- Data items
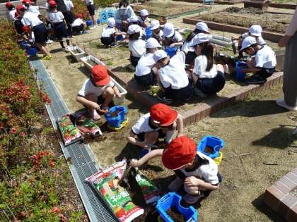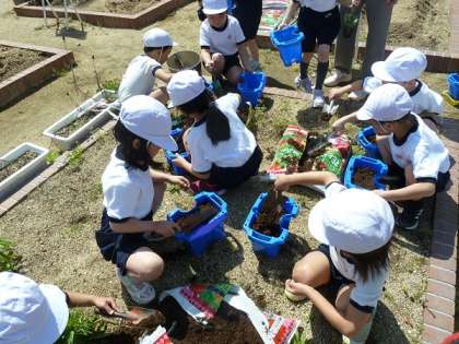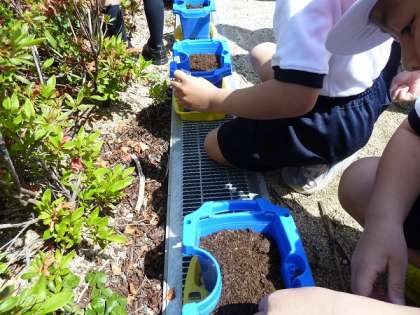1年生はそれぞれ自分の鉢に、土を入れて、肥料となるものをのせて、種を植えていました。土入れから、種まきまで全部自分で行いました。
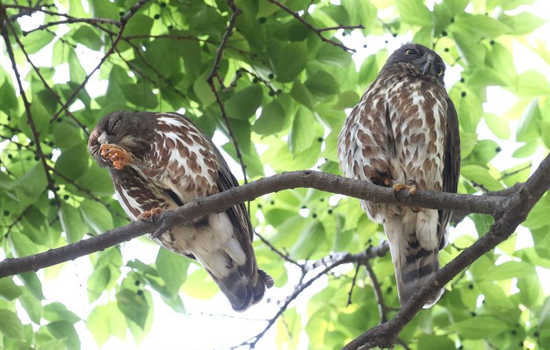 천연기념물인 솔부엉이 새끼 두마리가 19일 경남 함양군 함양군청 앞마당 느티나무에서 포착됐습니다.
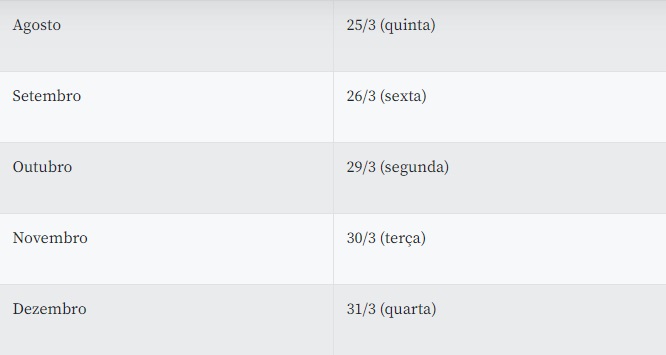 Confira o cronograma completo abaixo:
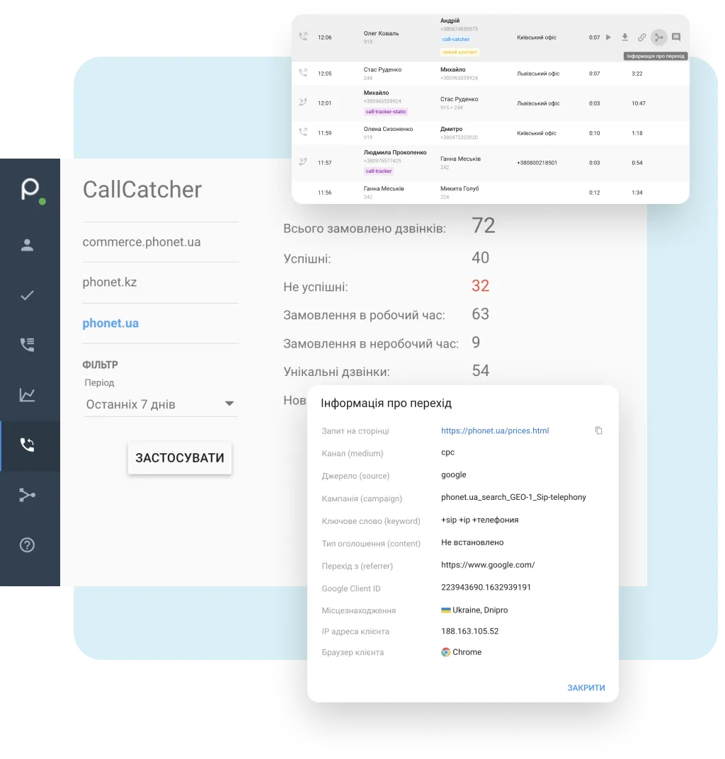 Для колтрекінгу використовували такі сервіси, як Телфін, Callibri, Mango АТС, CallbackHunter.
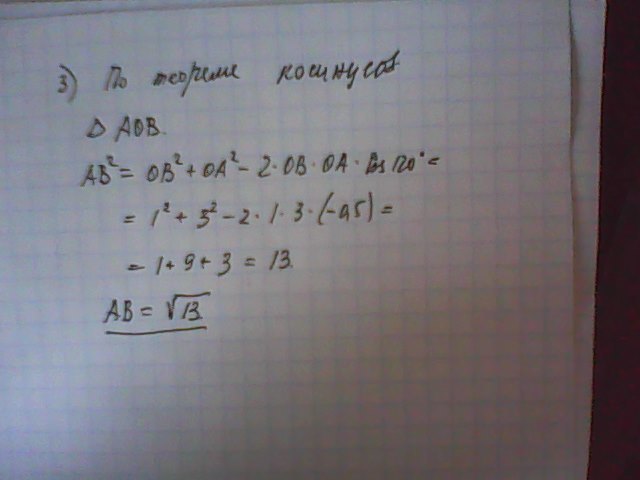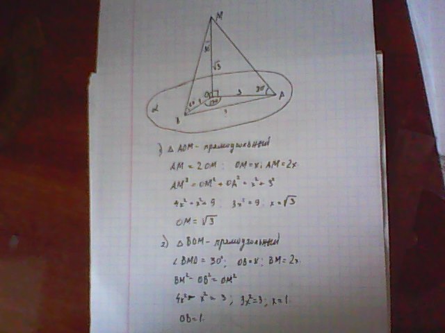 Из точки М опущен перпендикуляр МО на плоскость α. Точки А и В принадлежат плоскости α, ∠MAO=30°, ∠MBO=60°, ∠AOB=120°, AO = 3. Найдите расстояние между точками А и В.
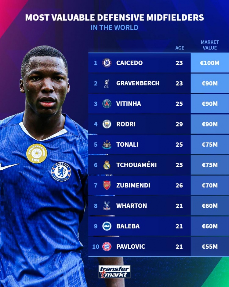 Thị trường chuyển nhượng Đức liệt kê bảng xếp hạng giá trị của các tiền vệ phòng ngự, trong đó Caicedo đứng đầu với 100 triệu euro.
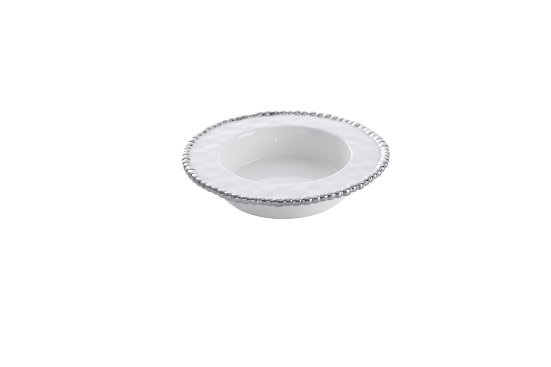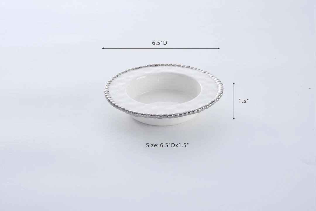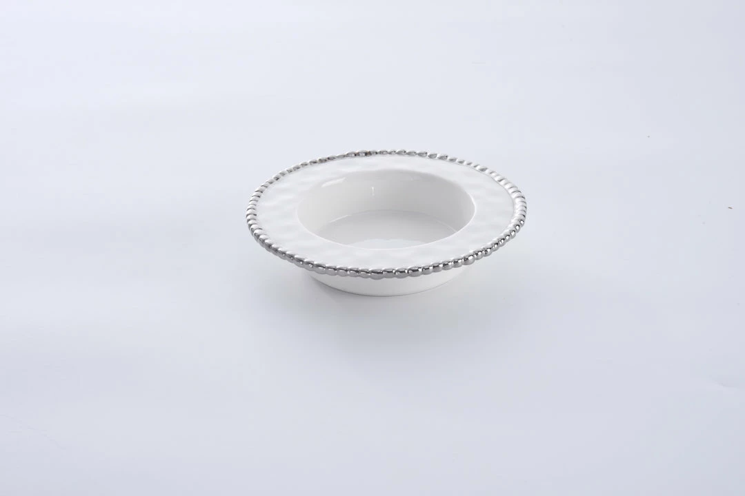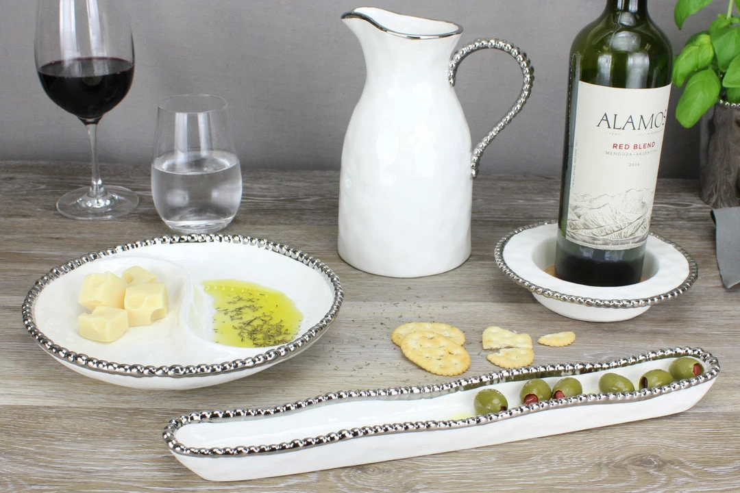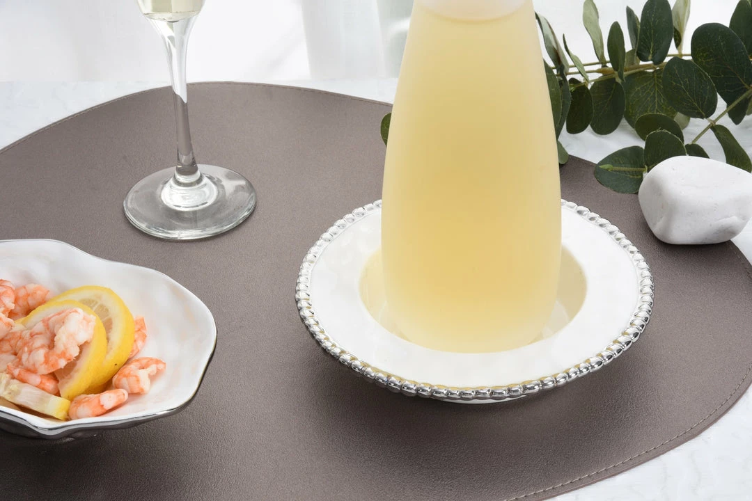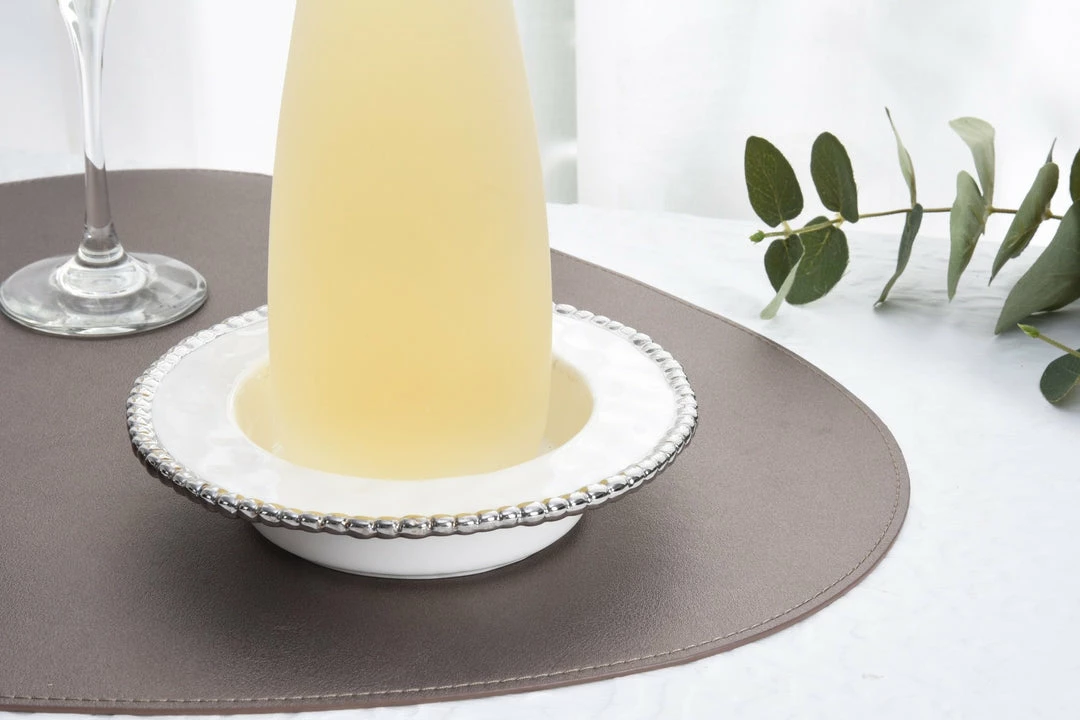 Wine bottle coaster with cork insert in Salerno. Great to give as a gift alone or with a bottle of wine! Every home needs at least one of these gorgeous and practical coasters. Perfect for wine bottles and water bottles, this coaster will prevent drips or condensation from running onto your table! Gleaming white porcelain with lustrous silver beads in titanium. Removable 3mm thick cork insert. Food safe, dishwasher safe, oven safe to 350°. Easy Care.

- Problem statement
Extract exactly the lines from the one containing "Thị trường chuyển" through the last line of the records above, both included, and leave out the pictures.

- Expected answer
 Thị trường chuyển nhượng Đức liệt kê bảng xếp hạng giá trị của các tiền vệ phòng ngự, trong đó Caicedo đứng đầu với 100 triệu euro.
 Wine bottle coaster with cork insert in Salerno. Great to give as a gift alone or with a bottle of wine! Every home needs at least one of these gorgeous and practical coasters. Perfect for wine bottles and water bottles, this coaster will prevent drips or condensation from running onto your table! Gleaming white porcelain with lustrous silver beads in titanium. Removable 3mm thick cork insert. Food safe, dishwasher safe, oven safe to 350°. Easy Care.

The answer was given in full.